"Erzählen Sie Ihre Geschichte!"

Großes Echo auf Vortrag "Menschen in Baracken"

"Lager Hohl" Neckarelz

Das Lager "Hohl" in Neckarelz im Jahr 1947. Foto: Kurt Heuberger

„Menschen in Baracken – Die Region Neckarelz, Neckarzimmern und Obrigheim als Aufnahmeraum für ‚Fremde‘ 1944 -47 “ – unter dieses Thema hatte Dr. Tobias Markowitsch seinen Vortrag im Rahmen des 1250er-Jubiläums der drei Neckargemeinden gestellt. 150 ZuhörerInnen waren gekommen – fast alle Kinder der "Baracken-Menschen" der späten 40er Jahre.   

Markowitsch wählte als Ausgangspunkt seines Vortrags die kleine ehemalige Krankenbaracke, die heute das größte Ausstellungsstück der KZ-Gedenkstätte Neckarelz darstellt.  1944/45 stand sie im Hof der Grundschule, dort wurden die ansteckend Kranken isoliert. Viele starben dort an Typhus oder anderen Infektionskrankheiten.

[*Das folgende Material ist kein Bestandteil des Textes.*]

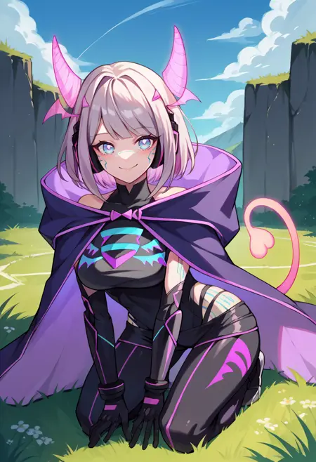 MotherV3, short hair, multicolored eyes, pink horns, head wings, facial mark, headphones, black bodysuit, neon trim, hip vent, black elbow gloves, purple cape, tail

Ein Jahr später fand die gerade aus Ungarn nach Neckarelz verschleppte 18jährige Anna Hercegfi in dem zur Holzwerkstatt umfunktionierten Häuschen Arbeit: sie fertigte Puppenmöbel aus Holz und verdiente so ihr erstes Geld.

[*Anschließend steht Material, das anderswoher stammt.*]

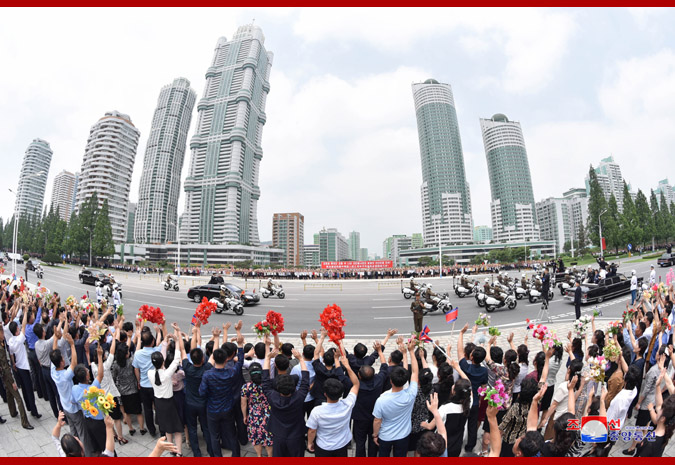 Automobil, v ktorom sa viezol súdruh Si Ťin-pching, zamieril do Rezidencie pre čestných hostí Kumsusan, sprevádzané motocyklami. Občania Pchjongjangu vrele vítali súdruha Si Ťin-pchinga v uliciach mesta, vrátane obvodu Sunan, Rjonmot-dong, križovatky Rjonghung a námestia pred Domom kultúry 25. apríla.

Was für die kleine, nur 6 x 3 Meter messende Holzhütte galt, trifft erst recht auf die großen Unterkunftsbaracken  die im letzten Kriegsjahr für die Untertageprojekte „Goldfisch“ und „Neustadt“ in Neckarelz, Neckarzimmern und Obrigheim errichtet worden waren: Es gibt eine Kontinuität, einen fast nahtlosen Übergang in der Nutzung über das Kriegsende hinaus. Die Baracken boten Wohnraum für viele mehr oder weniger stark zusammengedrängte Menschen – in der Nazizeit für rücksichtslos behandelte und ausgebeutete Arbeiter, unter der amerikanischen Besatzung für Tausende von Flüchtlingen und Vertriebenen aus dem Osten, die am Bahnhof Neckarzimmern ankamen. Für letztere suchten die kommunalen Behörden, von denen aus  ein neues, demokratisches Deutschland entstehen sollte, halbwegs menschenwürdige Unterkünfte.  

Markowitsch schlug in seinem Vortrag zunächst einen Bogen vom Lager „Hohl“ in Neckarelz (heute „Hornbach“-Gelände) zu den  Baracken an der Steige und in der Ortsmitte von Neckarzimmern, um schließlich nach dem Sprung über den Neckar beim Barackenlager im Kirstetter Tal in Obrigheim zu landen. Zahlreiche Zitate von Zeitzeugen rückten die Verhältnisse lebendig vor Augen. Die Baracken wurden in viel Eigenarbeit  wohnlicher gestaltet, Gärtchen angelegt und vieles mehr - ein dörfliches Gemeinschaftsgefühl entwickelte sich. Langsam gelang es auch, die anfängliche Ausgrenzung zu überwinden.

Am Ende des Vortrags lud Markowitsch die Anwesenden ein „Erzählen Sie Ihre Geschichte!“ – Was sich ein gute Handvoll nicht zweimal sagen ließ. Es waren berührende Geschichten vom langsamen Ankommen und Heimisch-Werden der vormals „Fremden“.